- Theatrical release poster
- Directed by: Dennis Donnelly
- Screenplay by: Neva Friedenn; Robert Easter; Ann Kindberg;
- Produced by: Tony DiDio
- Starring: Cameron Mitchell; Pamelyn Ferdin; Wesley Eure;
- Cinematography: Gary Graver
- Edited by: Nunzio Darpino
- Music by: George Deaton
- Production companies: Cal-Am Productions; Tony DiDio Productions;
- Distributed by: Cal-Am Artists
- Release dates: February 17, 1978 (El Paso, Texas); November 1, 1978 (Los Angeles, California);
- Running time: 93 minutes
- Country: United States
- Language: English
- Budget: $165,000
- Box office: >$512,000

= The Toolbox Murders =

1978 American slasher film by Dennis Donnelly

The Toolbox Murders is a 1978 American slasher film directed by Dennis Donnelly and written by Neva Friedenn, Robert Easter, and Anne Kindberg. (Note: The Writers Guild of America gave "story by" and "screenplay by" credit to Robert Easter and Ann N. Kindberg and the credits appear as such in the billing block on merchandise and material. However, the film's opening credits feature only the "screenplay by" credit with Neva Friedenn added in.) Starring Cameron Mitchell, Pamelyn Ferdin, and Wesley Eure, it follows a series of violent murders centered around a Los Angeles apartment complex, followed by the kidnapping and disappearance of a teenage girl who resides there. The film was marketed as being a dramatization of true events, though no source can confirm this. It was briefly banned in the early 1980s in the United Kingdom during the "video nasty" panic.

== Plot ==
A man dressed in black drives through Los Angeles, listening to the exhortations of a radio preacher. Near a car dealership, the man has a flashback of a car accident that occurred at the site, which killed a young woman. The man arrives at an apartment complex and kills Mrs. Andrews, a female tenant (who recognizes him), with an electric drill. Afterward, the man dons a ski mask and murders two other women, the first with a hammer and the second with a screwdriver. The police are called, and they interview the people who found the bodies, as well as Vance Kingsley, the owner of the building. The next night, the killer strikes again, breaking into the apartment of a woman who is masturbating in her bathtub and shooting her in the stomach and head with a nail gun. The murderer then abducts Laurie Ballard, a 15-year-old who lives in the above apartment with her family.
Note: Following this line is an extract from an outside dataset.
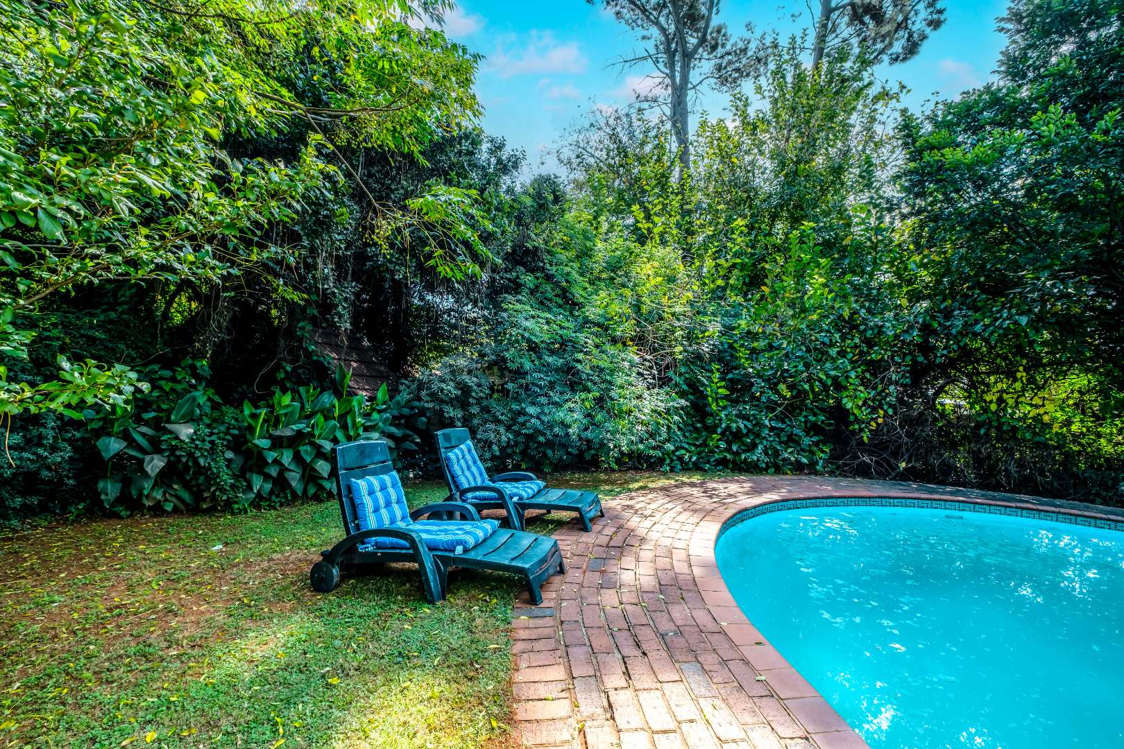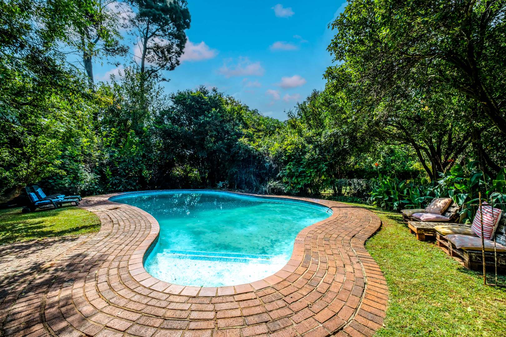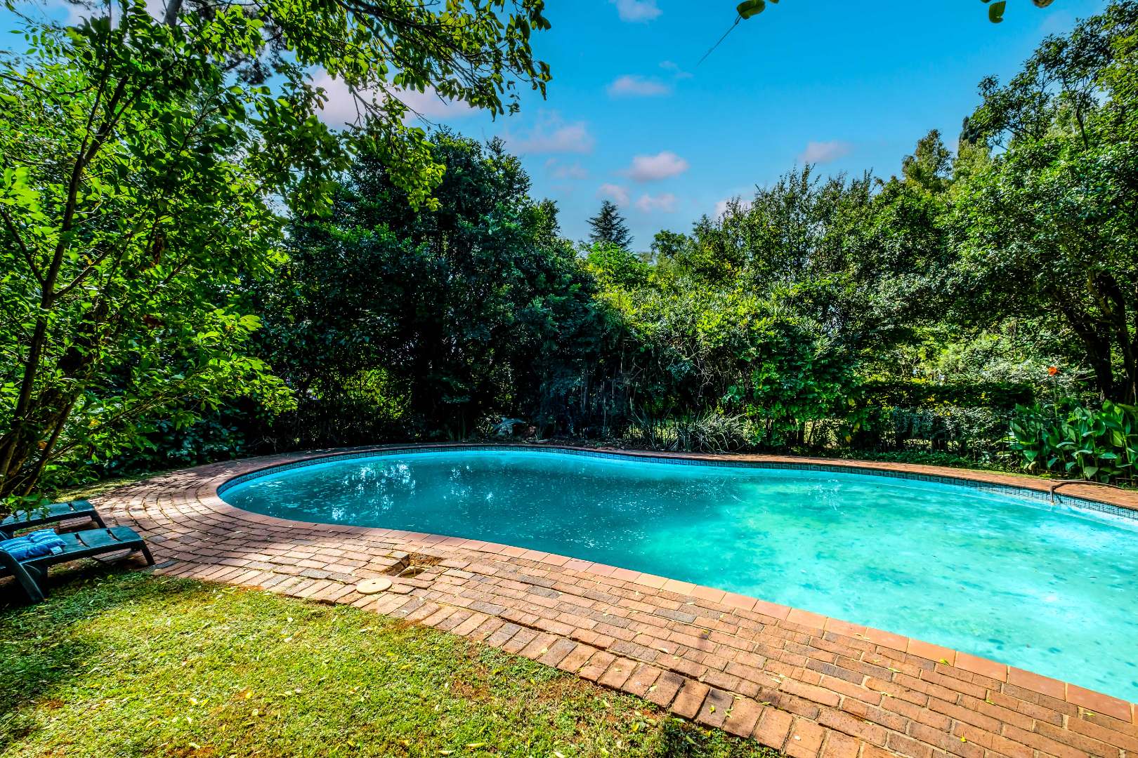 The expansive garden is a true highlight, featuring beautiful, established trees — including fruit trees — that provide ample shade, along with a sparkling swimming pool for those warm summer days. The property also includes a borehole (pump required), adding great potential for water sustainability.

Laurie's brother, Joey, is questioned by Detective Jamison and, frustrated by the detective's seemingly lax attitude towards Laurie's disappearance, decides to search for his sister on his own. While looking through the homes of the murdered women, Joey meets up with Kent, Vance's nephew, who has been hired to clean up the apartments of the dead tenants. While Joey is helping Kent, Kent mentions that Vance has not been the same since Kathy, (his cousin and Vance's daughter), was killed in a car accident.

It is revealed that Vance is the serial killer, having been driven insane and to religious mania by the death of his daughter. He is killing sinners and has kidnapped Laurie (who is kept tied up and gagged in Kathy's bedroom) to replace Kathy. During a discussion with Detective Jamison, Joey realizes that all the clues point to Vance being the killer, so he goes to the Kingsley house and is followed there by Kent (who had earlier seen the bound and gagged Laurie in his uncle's home). Joey finds bloody tools in Vance's garage, and is confronted by Kent, who sets Joey on fire—burning him to death—to protect his family.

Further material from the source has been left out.